- Origin: Tenerife, Spain
- Genres: Classical music
- Occupations: Soloist and chamber musician
- Website: cristo-barrios.com

= Cristo Barrios =

Cristo Barrios (born 30 May 1976 in Tenerife, Spain) is a Spanish clarinetist, soloist and chamber musician.

==Biography==
Cristo Barrios is a Spanish clarinetist, born in Tenerife, Spain in 1976. Future highlights include performances at the Amsterdam Concertgebouw and Spanish National Auditorium, his debut performance at the Konzerthaus Berlin, a recital at the Konzerthaus Wien, a recording for the Spanish National Radio (RNE2) and his debut performance at the South Bank Centre (Purcell Room) in London. Recent engagements have included performances with the Endellion and Arditti String Quartets, after his debut performance at the Wigmore Hall, his tour with the Brodsky Quartet and a debut recital at the Carnegie Hall. He has also performed at festivals such as Torroella de Montgrí and Sant Pere de Rodes in Spain, Langvad Music Days in Denmark and Llangollen International Music Festival in Wells (with a special broadcast for the S4Channel), among others.
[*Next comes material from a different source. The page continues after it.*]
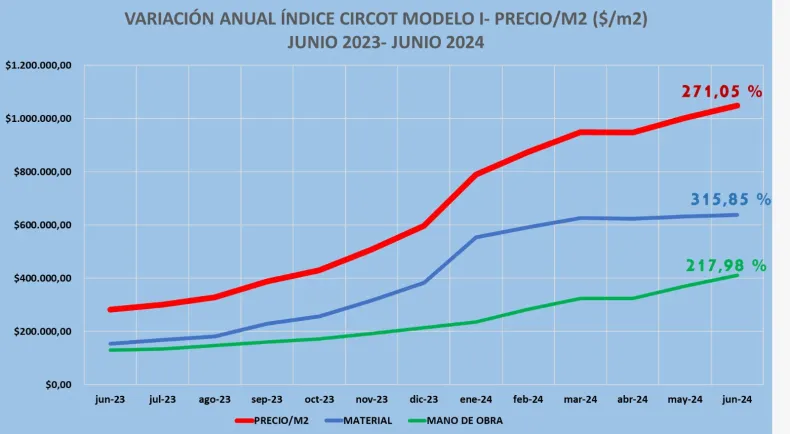 Por ello el costo del metro cuadrado se ubicó en $1.048. 924,36. En lo que va del año, los costos subieron un 32,90%. Mientras que si se compara con el mes de junio del 2023, los incrementos alcanzaron el 271,05%.

==Soloist and chamber musician==
Barrios is a musician with a keen interest in contemporary music. His enthusiasm in this has resulted in the premières of Cantus Firmus (Wigmore Hall) and Clarinet Quintet (with the Arditti String Quartet) by Blai Soler. His ambition to explore new music has also led him to collaborate with important composers such as Joseph Horovitz, Tom Johnson (before touring his Tilework Series for solo clarinet in The Netherland, Poland, Czech Republic and France), and Esa-Pekka Salonen (before recording his Nachtlieder for Metier Records, a CD which also includes works for clarinet and piano by Bernstein, Bax – Radio New Zealand broadcast -, Berg, Brotons and Honegger). His last CD, Composers of the 21st century in the Canary Islands, was recently released by RALS.

==Awards==
Major prizes include first prize and the gold medal at the Primer Palau Competition, playing the Rossini Introduction, Theme and Variations in the Palau de la Música Hall, Barcelona, and the first prize at the CHAIN Concours Moderne in Riga. While studying at the Royal Academy of Music in London, he went on to win the Yamaha Music Foundation of Europe Scholarship, held at St John's Smith Square and broadcast by the BBC3. After finishing his degree at the Royal Academy he recorded 'The Voice of the Clarinet' (Divine Art Records), an innovative disc of songs transcribed for clarinet and piano.

==Discography==
- 2006: The voice of the clarinet, with transcriptions of lied, Divine Art Records.
- 2007: Chamber music for orchestra, chamber music by Joaquim Homs, Naxos.
- 2008: Contemporary music for clarinet, Metier Records.
- 2008: Nuevas composiciones para clarinete, RALS.